Я есть кто Я есть - [3]

Шрифт
Интервал

Рано или поздно каждый еврей испытывает на себе, что неевреи относятся к нему не просто: не так, как если бы он не принадлежал к Израилю. Одни относятся с презрением, другие — с уважением, третьи — с деланным равнодушием, но все непременно как-то относятся. Его еврейство воспринимается неотъемлемой частью его существа; он — не просто человек в глазах мира, он — человек-еврей. И вот психологическое осознание этого факта каждым человеком-евреем есть не что иное как его собственно-личное обновление договора, причащающего его к Израилю, независимо — рад он тому или нет.

Итак, не человек, т. е. не просто человек, а человек-еврей.

Как всякий человек, он одержим страхом неизбежного конца, и как еврей, — страхом отверженности и одиночества. Эти условия определяют самобытность еврейского духа с его традиционными и неожиданными чертами. Как всякий человек, человек-еврей преодолевает трагедию конца самим процессом жизни, порождающим то, что называют культурой со всеми теми ее противоречиями, которые отражают противоречивость человеческого отношения к неизбежности конца. Однако в дополнение он является еще и евреем, преодолевающим трагедию своего изгойства в тех разных формах, которые отражают его отношение к своему отшельническому положению. Один полюс — бегство от Дома Израилева к «нормальным людям», с характерным трагикомическим рвением при демонстрации своей «нормальности». Другой — упоение собственной «ненормальностью», с характерной же трагикомической изощренностью при бравировании своей «избранностью».

Оба этих состояния — бегство от себя и самоизоляция, как и вся гамма переходов от одного к другому, являются универсально человеческими ситуациями: еврейский дух оказывается интенсивной формой мирового духа. Израиль — как все народы, только немножко больше, говорит пословица, подразумевая, очевидно, то, что он «первым предчувствует вселенское горе или вселенскую радость».

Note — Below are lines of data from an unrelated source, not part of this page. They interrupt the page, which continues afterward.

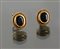 COPPIA DI ORECCHINI OVALI CON PICCOLO GRANATO AL CENTRO in metallo dorato,...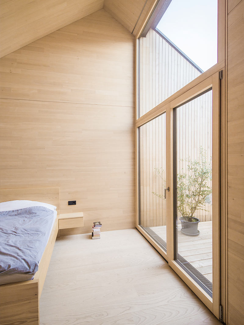 Obergeschoss Fassade aus astfreier, stoßfreier, sägerauher, nicht sichtbar befestigter Weißtanne
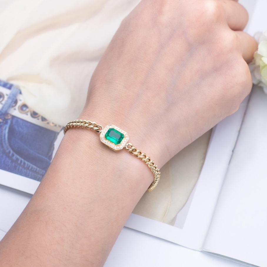 Joyería Personalizada de Messi, Brazalete de Esmeralda Creada en Laboratorio de 18K y 1.54CT, Joyería de Diamantes de Laboratorio

И этому не может быть конца, ибо это — продолжение ситуации, не знающей конца; ситуации превращения рожденного евреем человека в человека-еврея; ситуация, где единоборство человека-еврея с порядком вещей есть единоборство всякого иного человека, «только немножко больше».

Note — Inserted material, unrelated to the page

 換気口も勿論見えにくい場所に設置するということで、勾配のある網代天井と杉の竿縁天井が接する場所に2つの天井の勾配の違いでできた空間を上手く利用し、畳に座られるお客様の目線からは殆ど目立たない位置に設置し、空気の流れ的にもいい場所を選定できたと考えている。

Вот почему нет и парадокса в том, что дух Израиля, дух самобытного и обособленного царства, основанного на договоре с Богом, есть дух всечеловеческий; в том, что еврейская улица находится в самом центре людского мира. После этого должно быть ясно, что как непостижимо трудно определять дух всего человечества, так недопустимо сводить противоречивый дух Израиля к каким-либо «традиционным» или «неожиданным» признакам.

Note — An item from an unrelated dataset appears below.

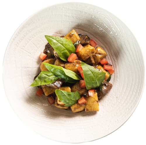 Květákové gnocchi s houbovou omáčkou ze Spojky Karlín

Еврейские ценности становились достоянием всего мира слишком быстро, чтобы оставаться столь же характерными для евреев, сколь характерен, скажем, для зулусов приветственный плевок в лицо. Вот, наконец, почему постижение еврейского духа, неопределяемого, а, значит, неистребимого, — есть постижение Духа вселенского. Кто-то шутил, что противоречия мировой культуры, да и вся ее история — это негласный спор между четырьмя последовательно жившими еврейскими мудрецами: законодатель Моисей считал, что главное — мозг, Христос, провозвестник любви, — сердце, экономист Маркс — желудок, а психолог Фрейд пошел, дескать, ниже. Летопись культурных ориентаций человечества действительно может навести зубоскала на эту шутку. Но если уж в этом же пересмешливом тоне определять современный еврейский дух, то следовало бы добавить, что, видимо, неспроста на смену этим четырем мудрецам Израиля пришел пятый — Эйнштейн, заключивший «в смятении»: все едино в своей относительности… Да, быть может, синтетичность и соотнесенность всех открытых ценностей и определяет неопределяемую сущность еврейского духа, этой квинтэссенции нынешнего мира, неуловимой, как неуловим рассудком смысл существования.

«Я Есть Кто Я Есть», — сказал Бог озадаченному Им Израилю. Не этими ли словами отвечает и сам Израиль озадаченному им миру? Не сводятся ли откровения еврейского духа к тому, что неуловимый смысл существования, если и не заключается в самом существовании, то постигается только через него?

БИБЛЕЙСКИЙ ПЕРИОД

ВВЕДЕНИЕ

Дух Израиля, как дух любого народа, определяется его историей. История любого народа — это то, что происходит с ним на земле, а происходит с ним почти то же самое, что происходит с отдельным человеком, одержимым, как правило, инстинктом выживания и самоутверждения. Эти инстинкты выражаются в тщетной мечте о бессмертии. Конец каждой судьбы — смерть, и в этой мере все на свете судьбы однообразны.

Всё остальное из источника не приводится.